Karpov Pavel, Godin Guillaume, Tetko Igor V

机构信息

Institute of Structural Biology, Helmholtz Zentrum München-Research Center for Environmental Health (GmbH), Ingolstädter Landstraße 1, 85764, Neuherberg, Germany.

BIGCHEM GmbH, Ingolstädter Landstraße 1, 85764, Neuherberg, Germany.

出版信息

J Cheminform. 2020 Mar 18;12(1):17. doi: 10.1186/s13321-020-00423-w.
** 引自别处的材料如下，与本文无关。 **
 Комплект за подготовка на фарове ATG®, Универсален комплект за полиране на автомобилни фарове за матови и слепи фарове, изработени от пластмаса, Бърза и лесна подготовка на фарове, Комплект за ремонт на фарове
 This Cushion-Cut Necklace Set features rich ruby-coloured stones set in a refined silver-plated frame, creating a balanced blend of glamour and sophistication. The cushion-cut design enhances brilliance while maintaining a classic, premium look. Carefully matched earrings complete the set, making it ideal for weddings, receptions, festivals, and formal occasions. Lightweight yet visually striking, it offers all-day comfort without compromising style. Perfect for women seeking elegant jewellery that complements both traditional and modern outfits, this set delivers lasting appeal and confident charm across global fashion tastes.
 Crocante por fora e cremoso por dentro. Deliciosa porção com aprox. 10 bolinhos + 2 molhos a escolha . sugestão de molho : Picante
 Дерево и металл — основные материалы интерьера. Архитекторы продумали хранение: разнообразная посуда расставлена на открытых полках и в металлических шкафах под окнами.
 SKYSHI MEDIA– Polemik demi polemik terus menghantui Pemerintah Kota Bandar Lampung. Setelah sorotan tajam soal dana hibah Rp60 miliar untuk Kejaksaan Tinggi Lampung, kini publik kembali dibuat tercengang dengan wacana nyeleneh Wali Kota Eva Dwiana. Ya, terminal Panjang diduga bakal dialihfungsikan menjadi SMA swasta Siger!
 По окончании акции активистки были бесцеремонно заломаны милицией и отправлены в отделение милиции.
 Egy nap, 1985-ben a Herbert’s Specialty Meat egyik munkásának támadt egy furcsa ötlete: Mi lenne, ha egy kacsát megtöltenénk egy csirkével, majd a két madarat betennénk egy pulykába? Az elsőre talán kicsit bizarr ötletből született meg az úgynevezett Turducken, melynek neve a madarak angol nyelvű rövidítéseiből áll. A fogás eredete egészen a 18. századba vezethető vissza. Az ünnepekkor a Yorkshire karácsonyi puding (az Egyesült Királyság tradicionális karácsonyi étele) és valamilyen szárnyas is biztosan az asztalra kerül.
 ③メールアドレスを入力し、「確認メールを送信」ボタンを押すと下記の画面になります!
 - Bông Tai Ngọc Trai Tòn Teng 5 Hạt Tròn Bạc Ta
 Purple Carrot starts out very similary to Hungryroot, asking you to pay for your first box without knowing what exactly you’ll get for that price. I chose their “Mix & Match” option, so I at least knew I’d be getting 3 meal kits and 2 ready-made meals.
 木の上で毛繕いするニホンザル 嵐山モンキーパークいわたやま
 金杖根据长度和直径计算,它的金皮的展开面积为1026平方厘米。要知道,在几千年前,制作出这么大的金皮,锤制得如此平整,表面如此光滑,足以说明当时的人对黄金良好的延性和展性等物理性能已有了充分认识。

DOI:10.1186/s13321-020-00423-w

PMID:33431004

原文链接:https://pmc.ncbi.nlm.nih.gov/articles/PMC7079452/

Abstract

We present SMILES-embeddings derived from the internal encoder state of a Transformer [1] model trained to canonize SMILES as a Seq2Seq problem. Using a CharNN [2] architecture upon the embeddings results in higher quality interpretable QSAR/QSPR models on diverse benchmark datasets including regression and classification tasks. The proposed Transformer-CNN method uses SMILES augmentation for training and inference, and thus the prognosis is based on an internal consensus. That both the augmentation and transfer learning are based on embeddings allows the method to provide good results for small datasets. We discuss the reasons for such effectiveness and draft future directions for the development of the method. The source code and the embeddings needed to train a QSAR model are available on https://github.com/bigchem/transformer-cnn. The repository also has a standalone program for QSAR prognosis which calculates individual atoms contributions, thus interpreting the model's result. OCHEM [3] environment (https://ochem.eu) hosts the on-line implementation of the method proposed.

摘要

我们展示了从Transformer[1]模型的内部编码器状态派生的SMILES嵌入，该模型经过训练将SMILES规范化为一个序列到序列的问题。在这些嵌入上使用字符神经网络（CharNN）[2]架构，在包括回归和分类任务在内的各种基准数据集上能得到更高质量的可解释的定量构效关系/定量结构-性质关系（QSAR/QSPR）模型。所提出的Transformer-CNN方法在训练和推理时使用SMILES增强，因此预测基于内部一致性。增强和迁移学习都基于嵌入，这使得该方法在小数据集上也能取得良好的结果。我们讨论了这种有效性的原因，并为该方法的未来发展方向制定了草案。用于训练QSAR模型的源代码和嵌入可在https://github.com/bigchem/transformer-cnn上获取。该存储库还有一个用于QSAR预测的独立程序，它可以计算单个原子的贡献，从而解释模型的结果。OCHEM[3]环境（https://ochem.eu）托管了所提出方法的在线实现。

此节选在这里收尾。